Jessica Zitter has gotten to be one of my favorite end-of-life writers. Watch her great video called “Extreme Measures”! She also writes some New York Times essays that I use in our Palliative Care program. She wrestles with issues of justice and the use of technology at the end of life – since she faces such ethical dilemmas daily in her dual roles as a Critical Care doc and palliative care specialist. In June she wrote an essay called “The Never-Ending Mistreatment of Black Patients.” She asks the uncomfortable question: At the end of life, do African-Americans get too much medical care?
Her patient is familiar to all of us who work in an ICU. He’s elderly, terminally ill, unable to be weaned from the vent….and African American. Trach? Terminal extubation? Choices that surprise her unprepared patient and son, neither of whom realize he is this sick. “No trach” says the patient, but then comes that question the son asks in the hall outside the room. Sometimes it gets asked and sometimes I, like Zitter, get a feeling it is a silent part of the conversation: “Are you sure you’re not doing this to save money?”

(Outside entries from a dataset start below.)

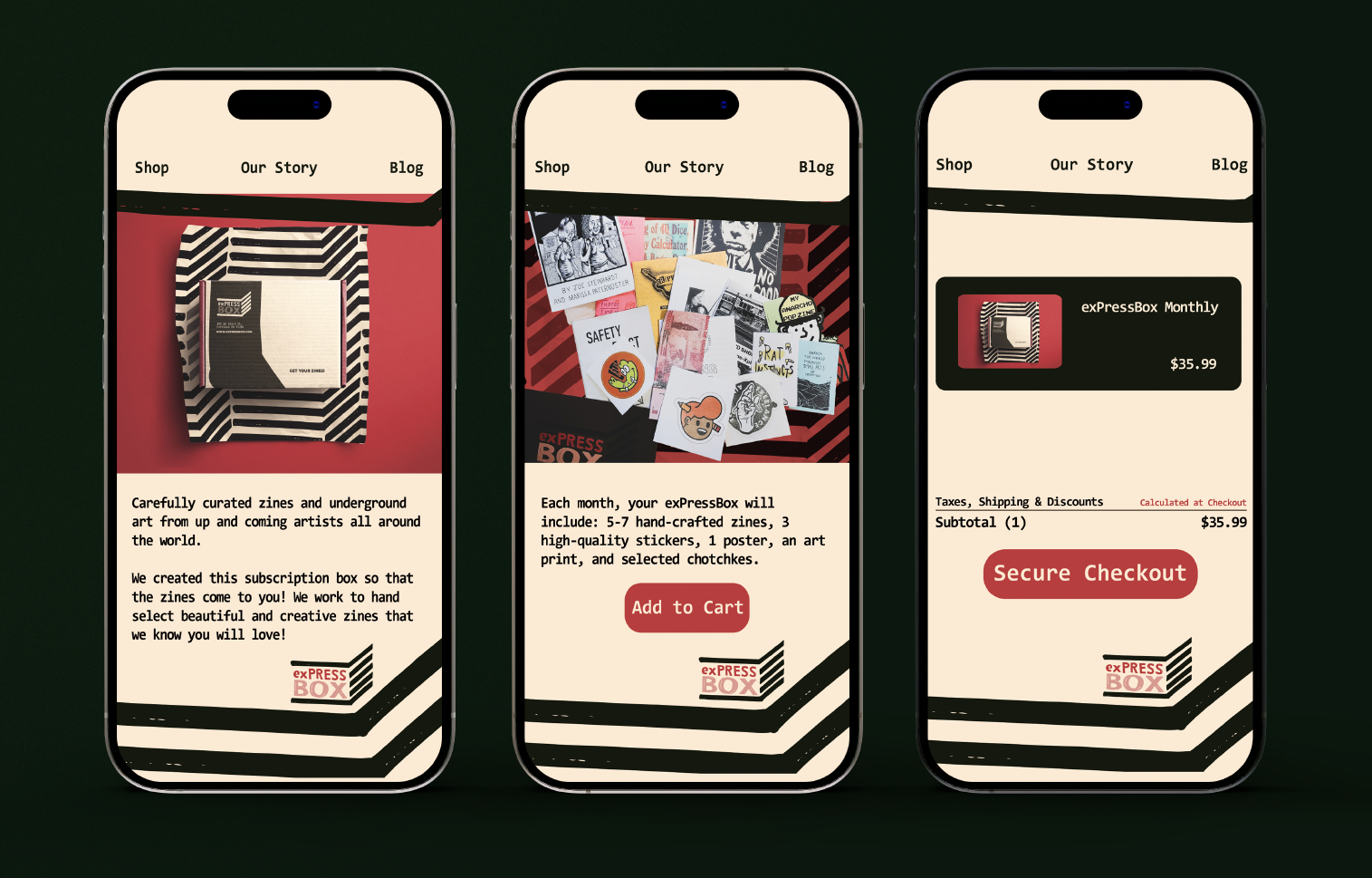 Created a new logo, visual identity, packaging, and a user interface that embodied ExpressBox’s DIY ethos—prioritizing handmade textures, imperfect lines, collage-style elements, and bold typography reminiscent of punk zines and underground art scenes. Every design choice was made to reflect the raw, authentic spirit of grassroots publishing.
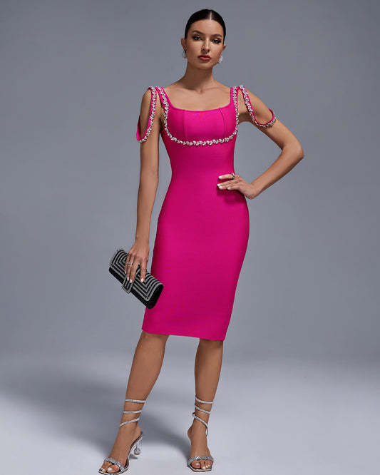 Vestido corte sirena bandage rosa con detalles en plumas en escote
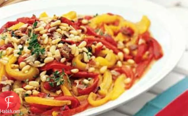 سلطة الفلفل الأحمر المحمص مع صلصة لحم الخنزير المقدد والصنوبر
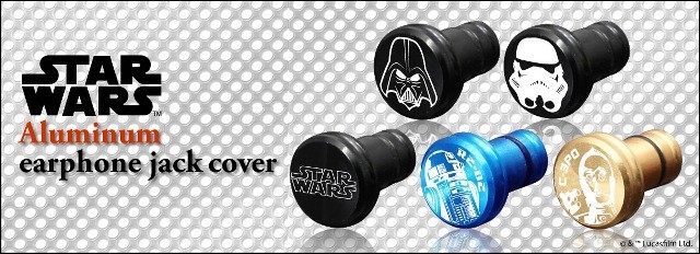ライトセーバー型モバイルバッテリー、iPhoneケース&イヤホンカバーは高価で買えないという人に単体販売のイヤホンジャックカバーはいかがだろう。製造方法は同じくジュラルミン無垢材からの削りだしでデザインは「スターウォーズロゴ」、「ダースベイダー」、「ストーム・トルーパー」、「R2-D2」、「C-3PO」の5種類。価格は各1050円(税込)となる。
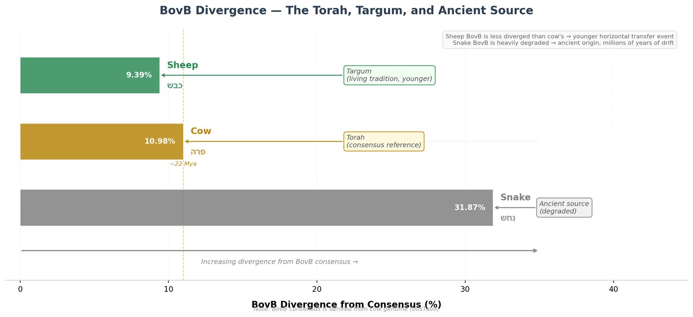 But BovB in the cow is not merely abundant. It is young. The average divergence from consensus is 11.22%, corresponding to roughly 22 million years of activity. In the snake, the same element shows 31.87% divergence โ ancient and degrading. The cow did not passively receive an old element. It took a fragment of snake code and made it thrive.
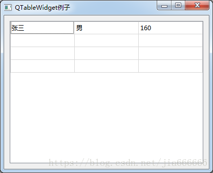 self.setWindowTitle("QTableWidget例子")
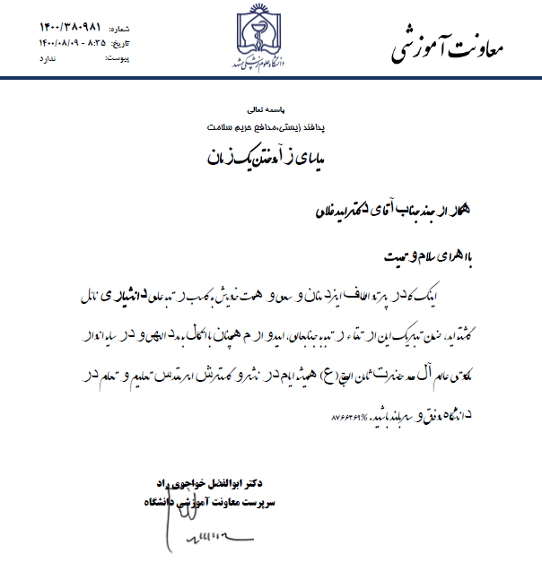 ضمن ارج نهادن به تلاش های خالصانه شما در جایگاه مقدس هیات علمی، دوام عزت و توفیقات روزافزون را از درگاه خداوند تبارک و تعالی خواهانیم.
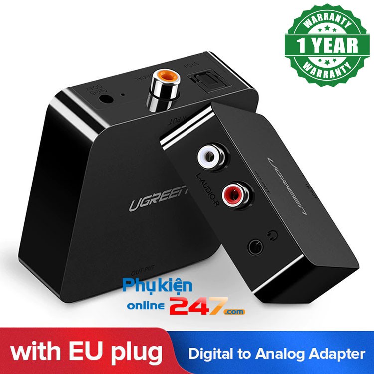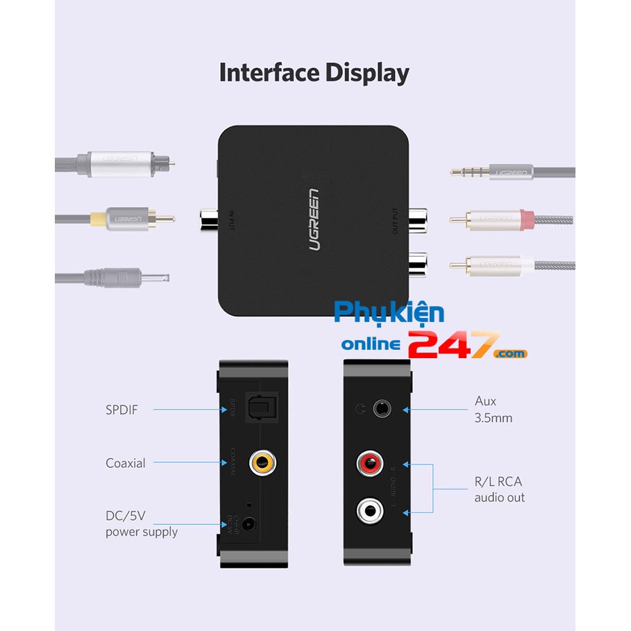 💢 Sản phẩm được làm theo dạng hình hộp vuông với các góc được vát cong nhẹ cho một cảm giác mềm mại khi cầm trên tay. Mặt trên được thiết kế bóng loáng rất sang trọng với logo Ugreen được in ở chính giữa tạo điểm nhấn. Cạnh trên là 2 cổng input Optical + Coaxial và nút nguồn. Cạnh dưới là 2 cổng output L/R RCA và 3.5mm.
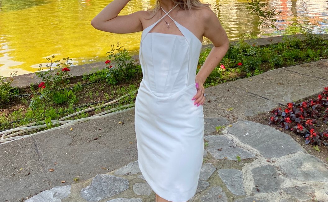 Bu beyaz mini düğün elbisesi, straplez yakası ve ince askılarıyla Parisian tarzda, dar kesim midi boyda şık bir tasarım sunar. Mezuniyetimde giydim bedeni s üstü korseli trendyol etiketli fakat bedenini değiştirmeden modelde değişiklikler yaptırdım herhangi daraltma vesaire yapılmadı.
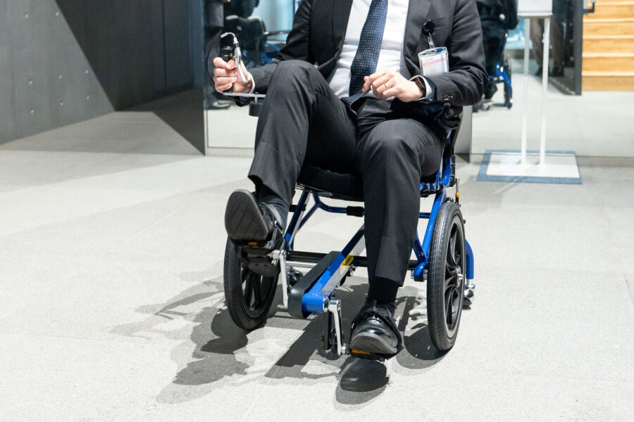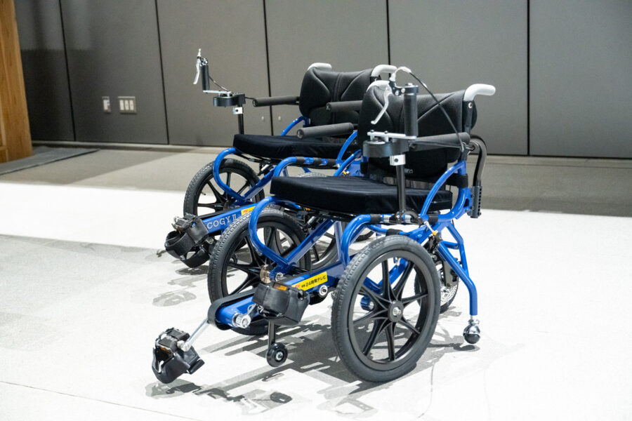 ペダル付き車いす「COGY(コギー)」は、自転車のように足でペダルを漕いで、動かす車いすです。歩行が難しい方でも左右どちらか片方の足を少しでも動かすことができれば、反射によって自分の両足でペダルを漕ぎ、進むことができる可能性があります。今回桜十字病院がいただいたのは、日本製としてさらに快適で使いやすいデザインとなった『COGY Ⅱ』です。
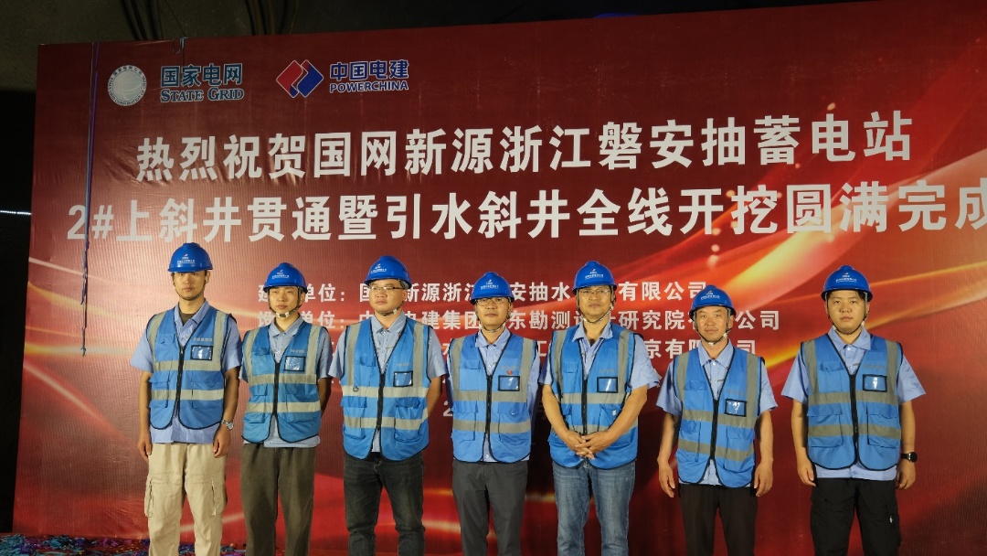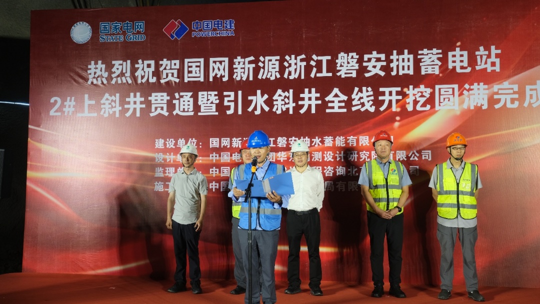9月26日上午,磐安抽水蓄能电站2#引水上斜井精准贯通,标志着磐安抽水蓄能电站斜井开挖工作取得阶段性胜利。磐安电站的4条斜井宛如4条巨龙蜿蜒于山体之中,总长度达1219米,采用“定向钻+反井钻+人工钻爆”开挖方式,施工历经1年零2个月日夜奋战,4条斜井相继顺利贯通。每一米的推进都凝聚着建设者们的智慧与汗水。斜井的顺利贯通,不仅意味着斜井开挖工序的圆满收官,更拉开了压力钢管安装工序的精彩序幕。 浙江磐安抽水蓄能电站引水斜井全线贯通 相较于此前已完工的地下厂房,斜井施工无疑是抽水蓄能电站建设中的“超级硬骨头”。这里技术复杂程度超乎想象,安全风险如影随形,其“长、陡、深”的固有特性,加上贯穿复杂岩层时面临的围岩稳定、物料运输等重重难题,就像一道道难以跨越的“天堑”,横亘在建设者面前。斜井开挖过程中创新性地运用了大口径电视开展地质摄影工作。这一先进技术犹如一双“智慧之眼”,它不仅能清晰呈现平面特征的倾向、倾角等关键数据,还能敏锐捕捉到某些介质的潜在缺陷,基于这些精准的信息,在掌握详尽地质信息的基础上,设计团队可以提前精准确定设计支护参数,这一前瞻性的举措,犹如为工程建设绘制了一幅精准的“导航图”,不仅能够优化设计方案,还能有效加快施工进度,同时,安全系数得到显著提升,为整个项目的顺利推进保驾护航。 正如国网新源华东分公司总经理、磐安公司董事长李浩良在斜井贯通仪式上感慨所言:“磐安电站斜井施工是整个地下引水输水系统的‘咽喉’要道。斜井顺利贯通,是我们全体参建单位凝心聚力、攻坚克难、追求卓越的生动写照。这份成绩来之不易,未来我们更需努力,要以此为新的起点,戒骄戒躁,再接再厉。”

Healthcare disparities are real fact in our healthcare system. Usually we hear about the studies showing less pain medicine, less aggressive control of high blood pressure for minority patients. Some of my richest discussions with MSPC students are triggered by stories of the inequities that they have seen for their patients. But those of us in palliative care sometimes see a paradox at the end-of-life – i.e. patients and families who don’t trust clinicians and want to keep going, afraid that they aren’t getting the level of care that others would get. Particularly if we have white coats and white skin. Are we gatekeepers or caregivers? Has the ICU called a PC consult because they think their loved one…who has a different color of skin, who is undocumented, who was born elsewhere…just shouldn’t use up more of the healthcare resources? Zitter talks about her reflex to defend her own fairness by saying “Let’s keep going.” But is that capitulation something that just assuages the conscience of the clinician?
And can you blame our patients, in this world where public fear of “the other” is so often in the news? Zitter talks about how she sometimes can craft bridges – with her AA chaplain, by joining in prayer with patients, by seeking out threads of shared experiences, to connect with those who are different. By not running away from the tension. It takes commitment to help our African American patients see us as allies if we are white, particularly when we want to discuss choices like “comfort care.” Zitter asks us to “face our discomfort” and help our patients know we want to travel their journey with them.